I love Christmastime. I love the spirit of Christmas. Both the religious and consumer aspects of the holiday. I love to watch my children tear through their presents. I don’t mind ripping into a few of my own. In spite of all the great things about Christmas, there are a few complaints that I need to get off my chest.

1. Packaging. I hate the way things are packaged. Opening a toy is a challenge of digit dexterity only accomplished by a banjo player. And while the twist ties all over the back and bottom of the packaging are infuriating, the overly tightened zip ties are worse because they make it impossible to get a pair of scissors in the loop to make the cut. The worst of the packaging demons is the hard clear plastic casing that so many manufacturers use. I never know where to cut the packaging, and I’m sure I’ll cut the product as I attempt to free it from captivity. There seems to be an opportunity in the incarceration business for plastic of this type.
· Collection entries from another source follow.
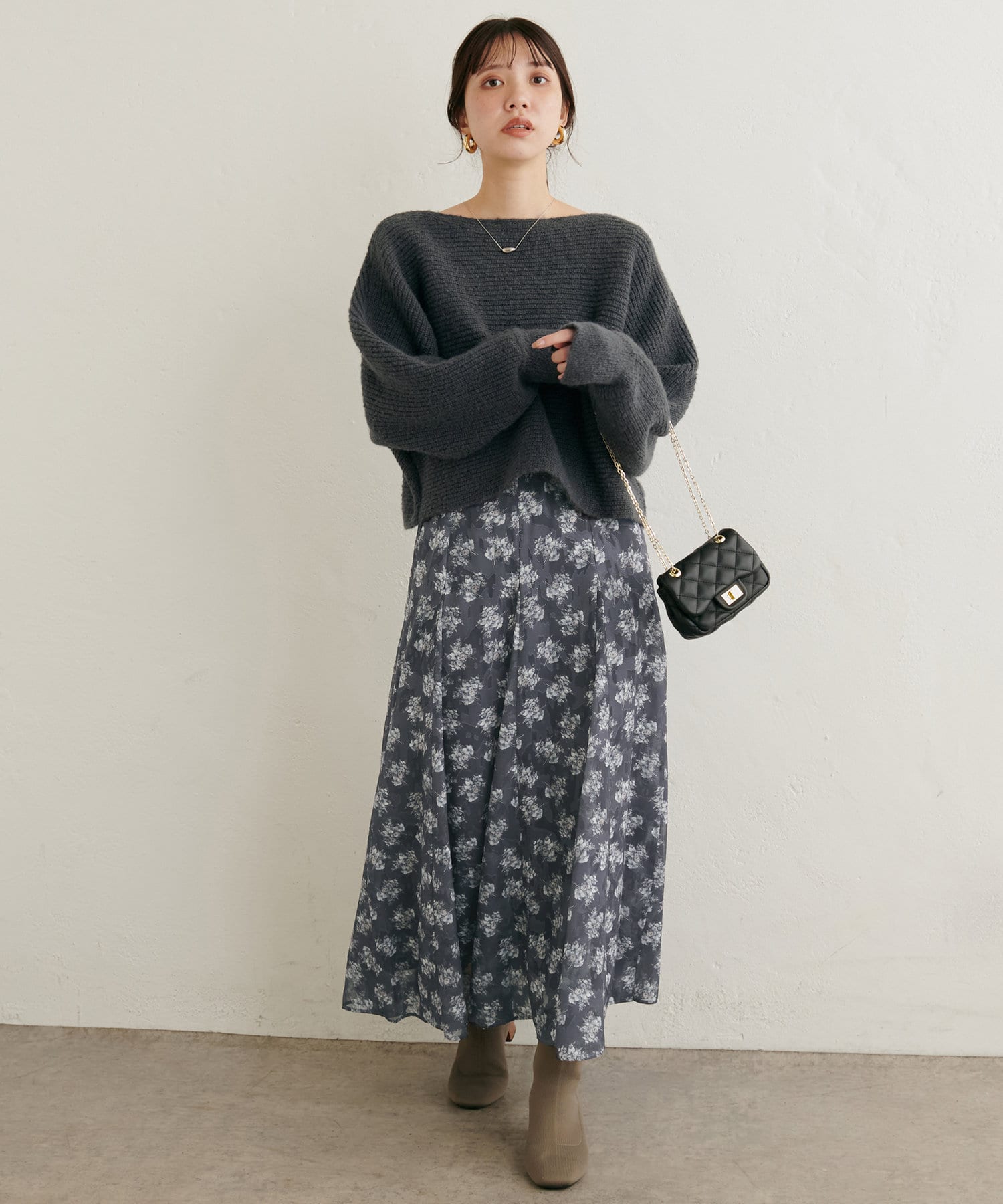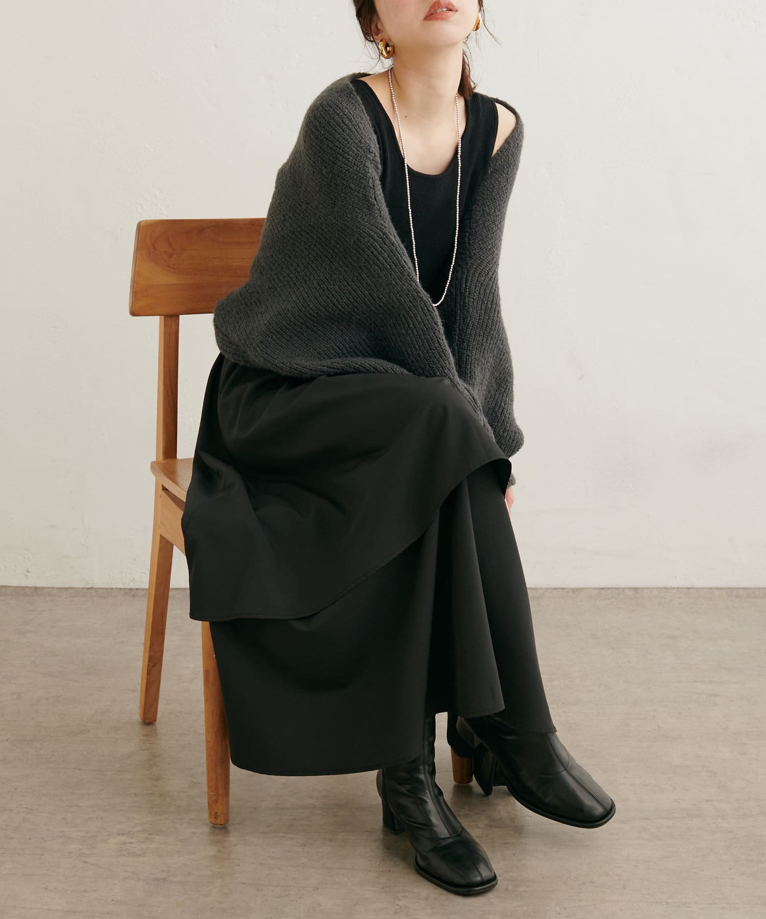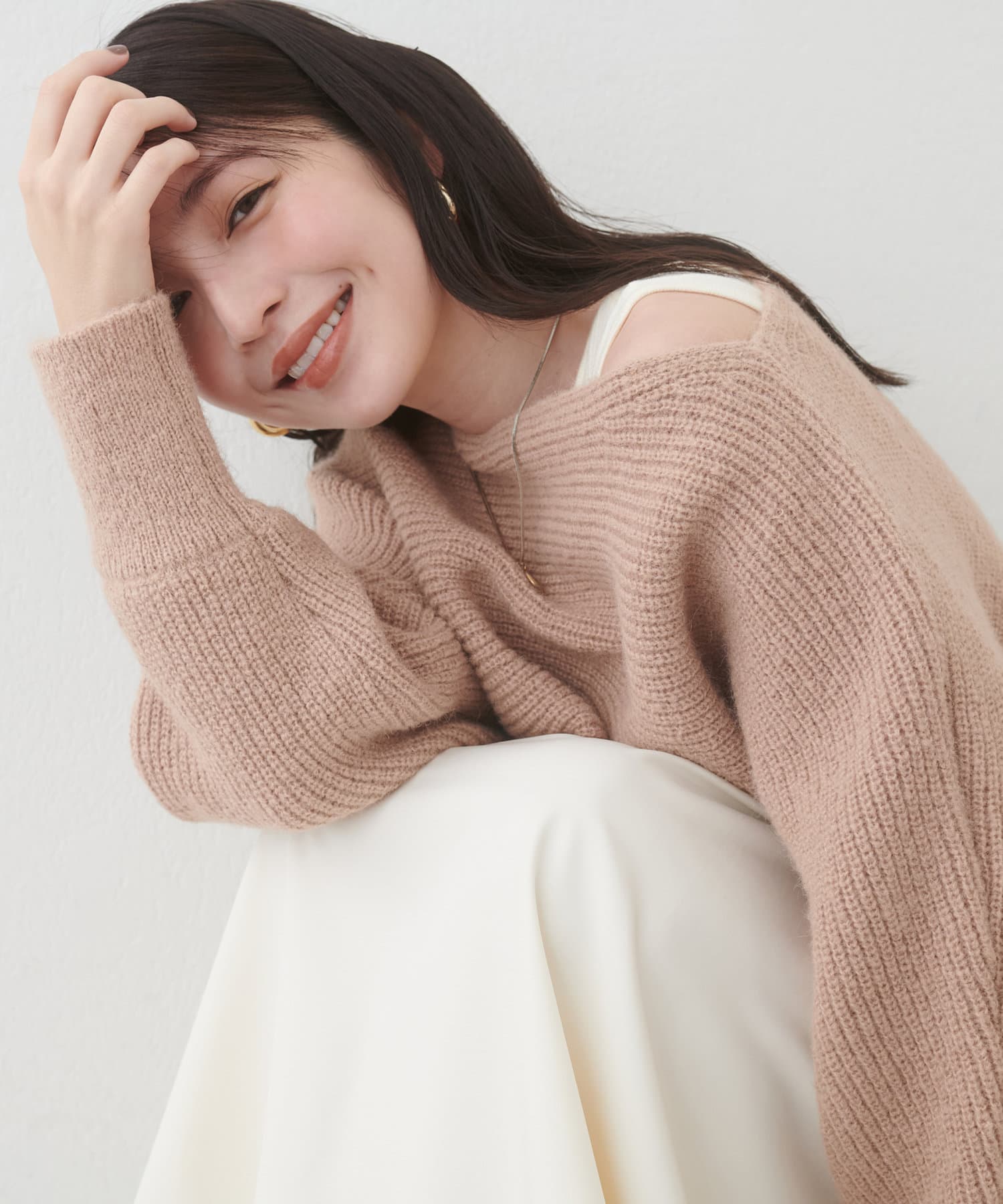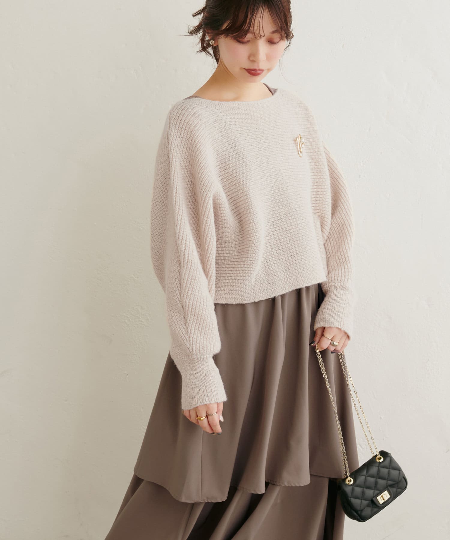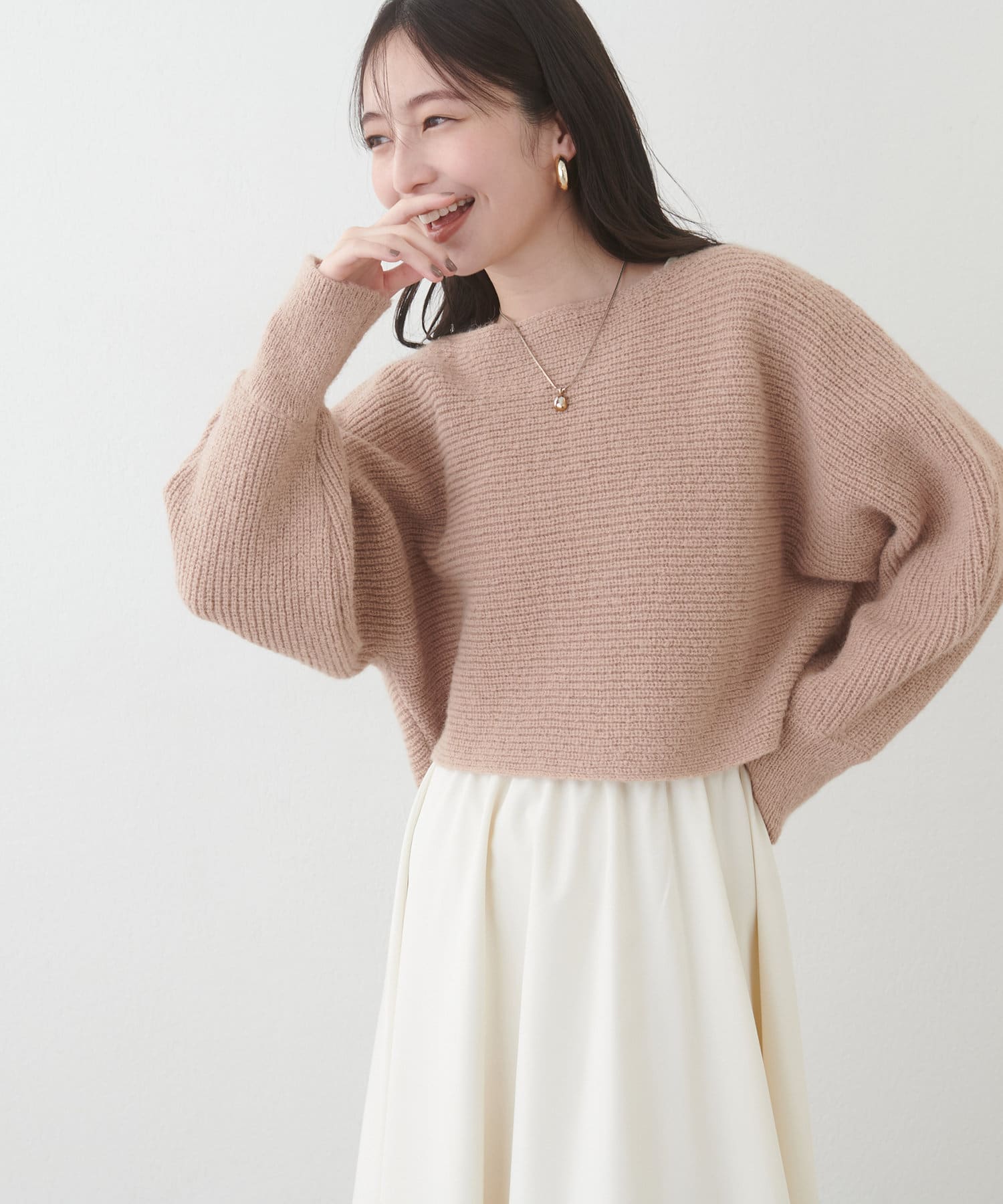 ニットはマーメイドスカートやナロースカートはもちろん、シンプルなデニム合わせも華やかにきまります。
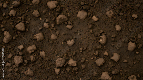 Rich, moist soil texture with visible organic particles, small roots, and a dark brown tone, ultra-clear 8K
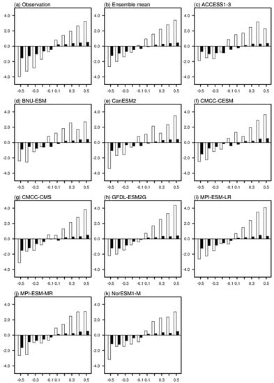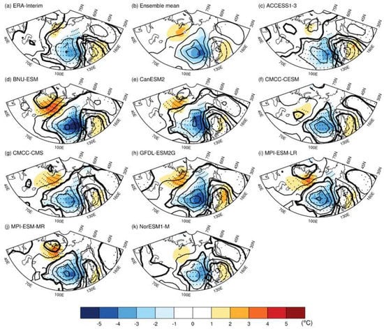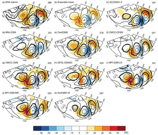 The geopotential height patterns at 250 and 850 hPa are shown during the dates of CS occurrence in observation (Figure 2a). The upper-tropospheric ridge-trough-ridge geopotential height pattern stretches from the Ural Mountains (50° E–90° E, 50° N–75° N) to the Korea–Japan region (120° E–140° E, 30° N–45° N). The ridge-trough-ridge is arranged in a northwest–southeast direction in the upper troposphere and the anticyclonic–cyclonic couplet stretches from eastern flank of the Siberian High to East Asia in the lower troposphere. These upper- and lower-tropospheric synoptic patterns proceed eastward and imply a westward-tilted vertical structure in which the lower-level circulation leads the upper-level circulation by about a quarter of a wavelength. The westward-tilted vertical structures in geopotential height associated with CSs in the ensemble mean and all nine CGCMs are similar to the observed structures [35]. However, the magnitude and location of the geopotential heights are slightly different in each model (Figure 2c–k). In ACCESS1-3, BNU-ESM, CanESM2, CMCC-CESM, and GFDL-ESM2G, the magnitude of the upper-level ridge over the Ural Mountains is underestimated (Figure 2c,f,h). The strong lower-level anticyclone over the Lake Baikal is simulated in CMCC-CMS, MPI-ESM-LR, and MPI-ESM-MR (Figure 2g,i,j). In BNU-ESM, the direction of the lower-level anticyclone–cyclone couplet is more northward than the observation (Figure 2d).
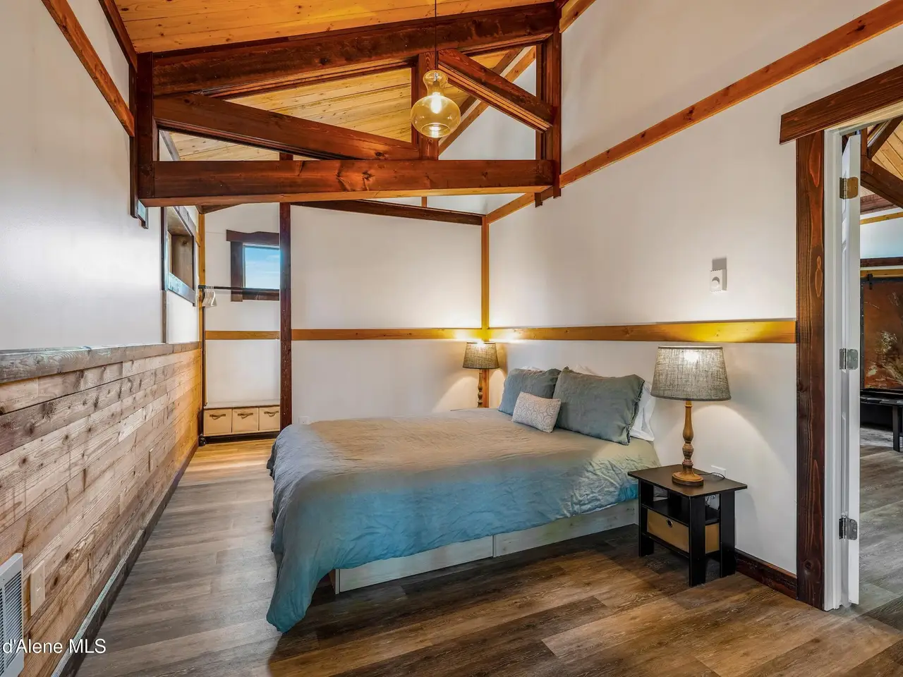 Welcome to your own five-acre paradise — an ideal blend of county living and income-generating potential. This unique property features two rental units: a three bedroom, two bath home with warm, locally sourced wood finishes, elevated rustic charm, and a sauna located in the main bedroom. Additionally a two bedroom, 2.5 bath loft-style apartment above a versatile shop. The custom-built shop/barn is designed for dual purpose—host weddings and private events in the warmer months, then convert to boat storage for off-season revenue. The grounds are beautifully landscaped with lush grass, established plants, and a full sprinkler system for easy maintenance. Whether you're looking to expand a rental portfolio, run a seasonal business, or enjoy multi-generational living with added income, this property offers exceptional flexibility, beauty, and long-term value—all just minutes from the lake and year-round recreation.
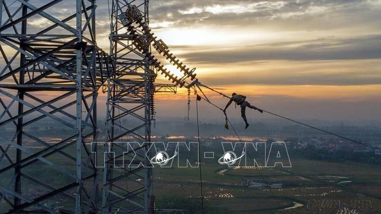 Hàng ngàn kỹ sư, công nhân ngành điện và các nhà thầu đã trần mình trong nắng, trong mưa chạy đua với thời gian trên công trường thi công Đường dây 500kV mạch 3 từ Quảng Trạch (Quảng Bình) đến Phố Nối (Hưng Yên) - công trình trọng điểm quốc gia, có ý nghĩa rất quan trọng trong việc nâng cao năng lực truyền tải điện Bắc - Nam. Ảnh: Huy Hùng - TTXVN
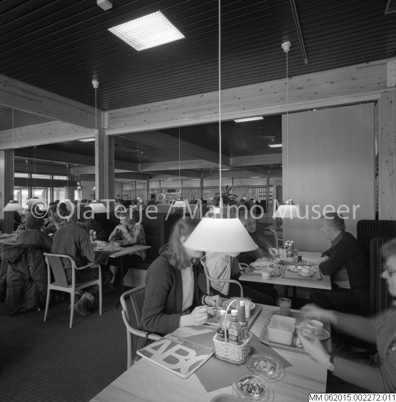 Interiör, restaurang med lunchgäster. Uppdrag för MKB Fastighets AB, Malmö 810330.
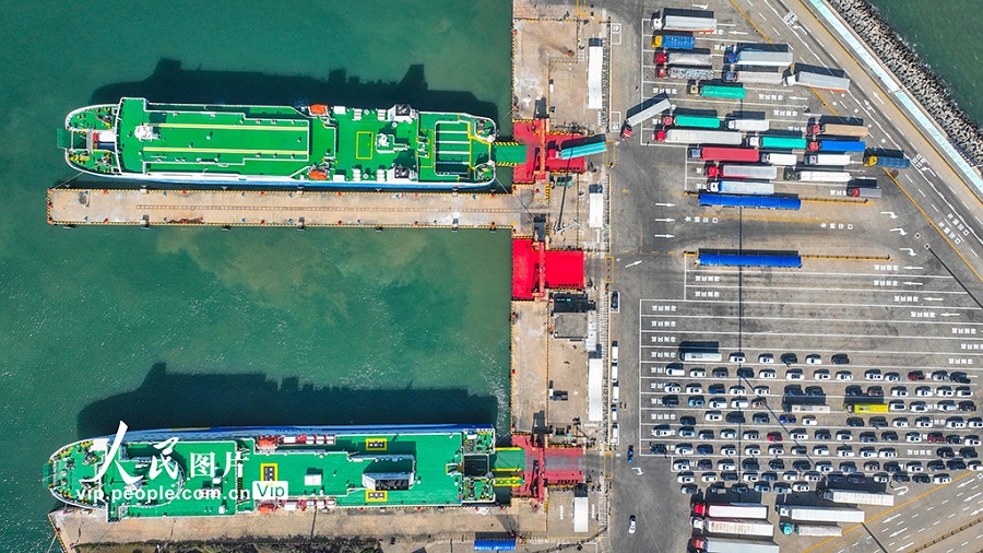 Suasana teratur dan sibuk kelihatan di sebuah pelabuhan di Haikou, ibu provinsi Hainan, apabila deretan kenderaan beratur untuk menaiki feri penumpang jenis roll-on/roll-off pada 2 Februari.
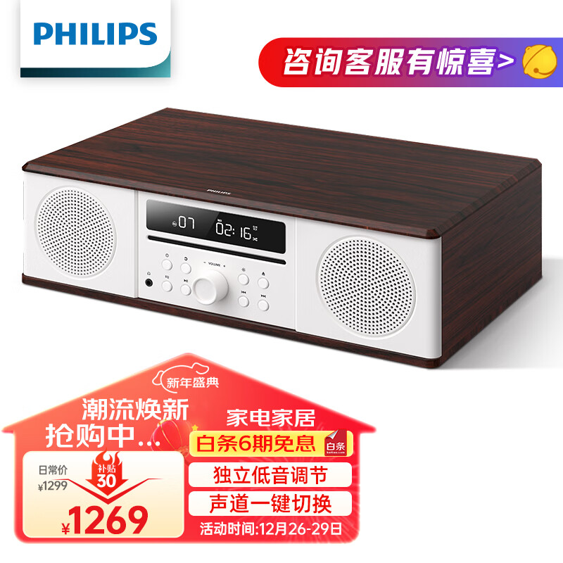 飞利浦(PHILIPS)CD机桌面音响CD播放机迷你音响CD播放器家庭台式音响音箱收音机木质蓝牙M5008价格:1269.00元!
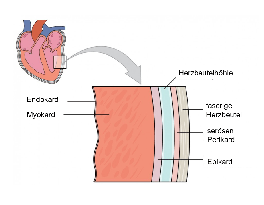 Das Herz ist vom Herzbeutel (Perikard) umgeben, einer dreischichtigen, sackartigen Struktur, die das Herz vor äußeren Traumata und Infektionen schützt. Der faserige Herzbeutel ist die zähe, äußerste Schicht. Er ist mit dem Zwerchfell und dem Brustbein verbunden und stabilisiert das Herz, indem er übermäßige Bewegungen und Überdehnungen verhindert. Das Epikard ist die innerste Schicht des Herzbeutels. Es liegt neben dem Myokard, der mittleren Muskelschicht des Herzens. Die Herzbeutelhöhle liegt zwischen dem Epikard und dem serösen Perikard. Sie ist mit schmierender seröser Flüssigkeit gefüllt, die die Reibung während der Herzkontraktionen verringert.

2. Some Assembly Required. This is why so many manufacturing jobs are leaving the country. All the manufacturers have to do now is design the product and put most of the necessary parts in the box with an Allen wrench. I say most of the parts because I usually have to go back to the store or online or make a phone call to get that final hex head screw that no hardware store in their right mind would stock. I can already imagine a business like the Geek Squad going around on Christmas Eve assembling bikes, beds, and Bingo ball rollers.

3. Age Restrictions. If you are old enough to own an iPod, you are old enough to have an account in your own name. Why do they make us lie about the age of our children? I bought my daughter an iPod. I decided she is old enough to use this little machine, so as her parent I am also deciding she is old enough to have the account in her name.

4. Batteries not Included. In this time, doesn’t it seem odd that anything that requires batteries doesn’t come with a rechargeable battery included? My video camera, digital camera, computer, cell phone, toothbrush, and hair trimmer all come with rechargeable batteries. Why can’t everything? While battery technology has a long way to go, it seems crazy that most if not all electronics don’t have some sort of rechargeable system. Apparently, Duracell and Energizer have a very strong lobby fighting this.

5. Lack of Sleep. Am I the only one who stay up till two or three in the morning only to get up three hours later at six to start opening presents?  I doubt it.

6. Broken Parts. Every year there is at least one toy that doesn’t work straight out of the box. There also seems to be at least one toy that is broken just getting it out of the box (see Packaging).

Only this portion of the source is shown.